What’s your Caddyfile?

markustenghamn · March 12, 2018, 5:50pm

Here is the caddyfile, it contains about 30 domain entries following this format.

https://{{h.name}}  {
	gzip
	log / /var/log/caddy/access.log "{remote} - [{when}] {method} {path} {proto} {host} {status} {size}"
	tls {
 	   max_certs 10
	}

	header /  Strict-Transport-Security "max-age=31536000;"

	proxy / {{h.ip}}:{{h.port}} {
		transparent
	}
}

matt · March 12, 2018, 6:08pm

Does {{h.name}} expand to a non-empty string?

Might be irrelevant, but I wanted to check.

hostname ‘’ does not qualify for certificate

That message given you when you’re using s_client means that Caddy isn’t getting SNI information; in other words, your client isn’t using SNI when making the connection, and Caddy can’t get a certificate for an empty hostname.

markustenghamn · March 13, 2018, 9:15am

Thanks for the help @matt I don’t see anything wrong in our Caddyfile. It’s a fairly long file, I could send it in a pm if it would help.

The weird thing is that we just recently starting receiving this error when we upgraded to 0.10.11. Everything had been working fine for the past year. The only changes we have made is to add more sites using the same format to our Caddyfile.

The good thing is that I don’t see any regular users throwing this error.
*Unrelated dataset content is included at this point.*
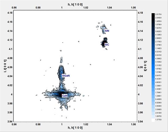 Возможности рентгеновского дифрактометра Bruker D8 Discover позволяют осуществлять съемку одномерных и двумерных (карт обратного пространства) сканов в режиме высокого разрешения. Эти возможности были реализованы в методиках анализа гетероэпитаксиальных структур на основе GaN. Комбинация картирования обратного пространства, съемок кривых качания, одномерных сканов в высоком разрешении и кривых малоугловой рефлектометрии позволяет наиболее полно охарактеризовать структурные свойства HEMT структур на основе GaN: толщины и составы слоёв, степень релаксации и остаточные упругие напряжения, ширины кривых качания и плотности прорастающих дислокаций, контроль толщины пассивирующих и контактных слоёв.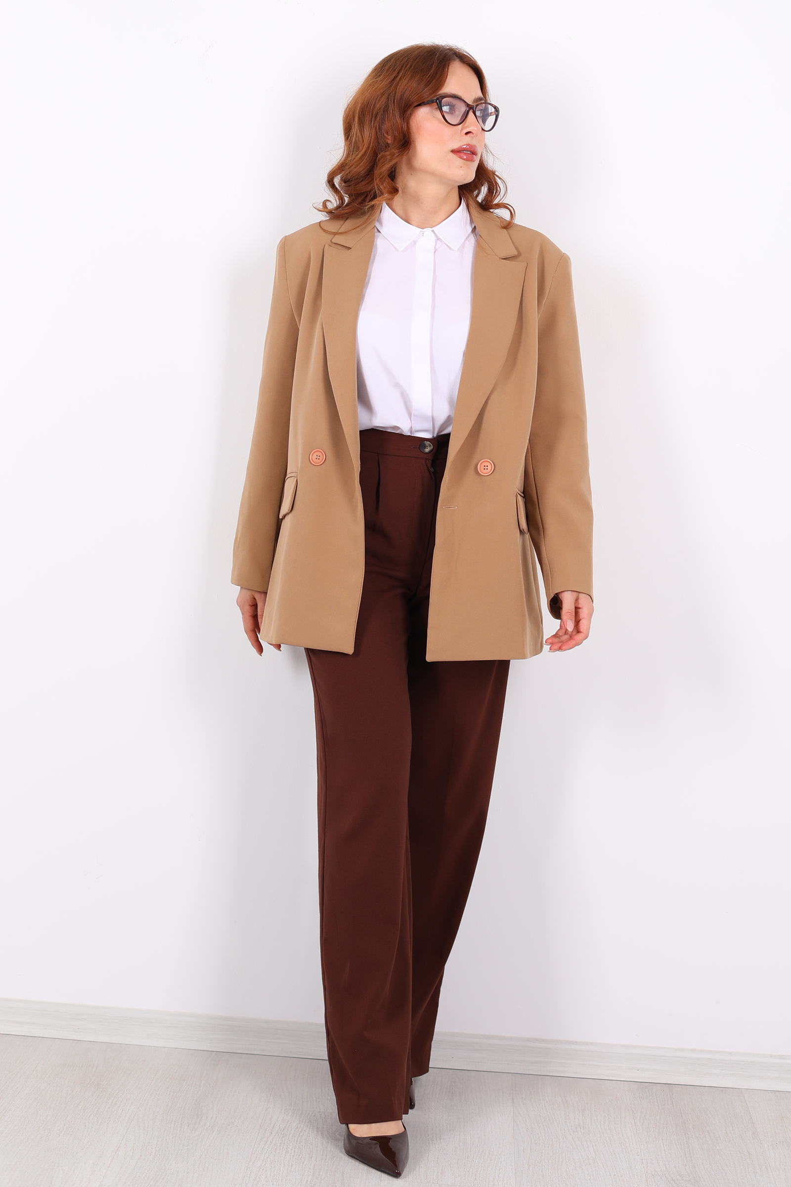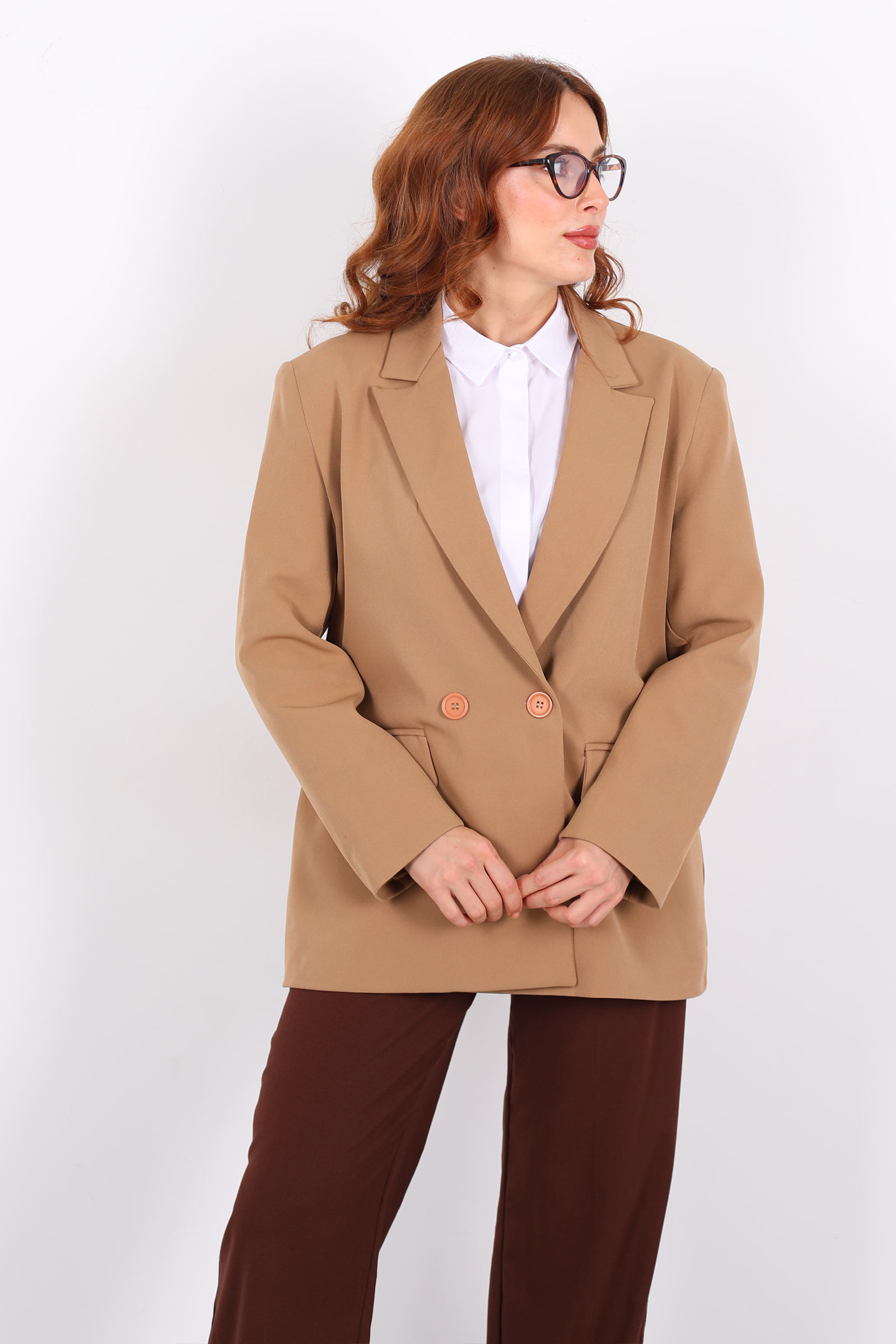 Vatkalı Kruvaze Yaka Kadın Vizon Blazer Ceket

I am a backend developer with some ops experience, I have never worked much with networking and ssl. I know very little about SNI so I will need to read up on it to understand the problem better.

matt · March 13, 2018, 2:22pm

We changed how empty SNI is handled in 0.10.11 (an improvement, in fact) – and regular users with browsers won’t see the errors; but your client will need to use SNI. Most do, and with s_client I think there’s a way to specify it.

markustenghamn · March 13, 2018, 2:26pm

Alright, that makes sense. Let’s hope that this is what caused the problem. The new command would be:

openssl s_client -servername domainname -connect domainname:443 -msg -prexit -debug -tls1_2

There was also a check via Nagios that uses their check_http function and I am assuming it wasn’t using SNI.

markustenghamn · March 13, 2018, 2:46pm

@matt do you know why my previous openssl s_client command would only fail sometimes and work most of the time?

matt · March 14, 2018, 1:46am

I have a hunch, but unless I see the full and finished Caddyfile I can’t be sure. I can’t offer support privately for free, so you’ll have to post it here in the thread or try https://github.com/mholt/caddy/pull/2037 and see if that fixes it.

system · June 12, 2018, 1:54am

This topic was automatically closed 90 days after the last reply. New replies are no longer allowed.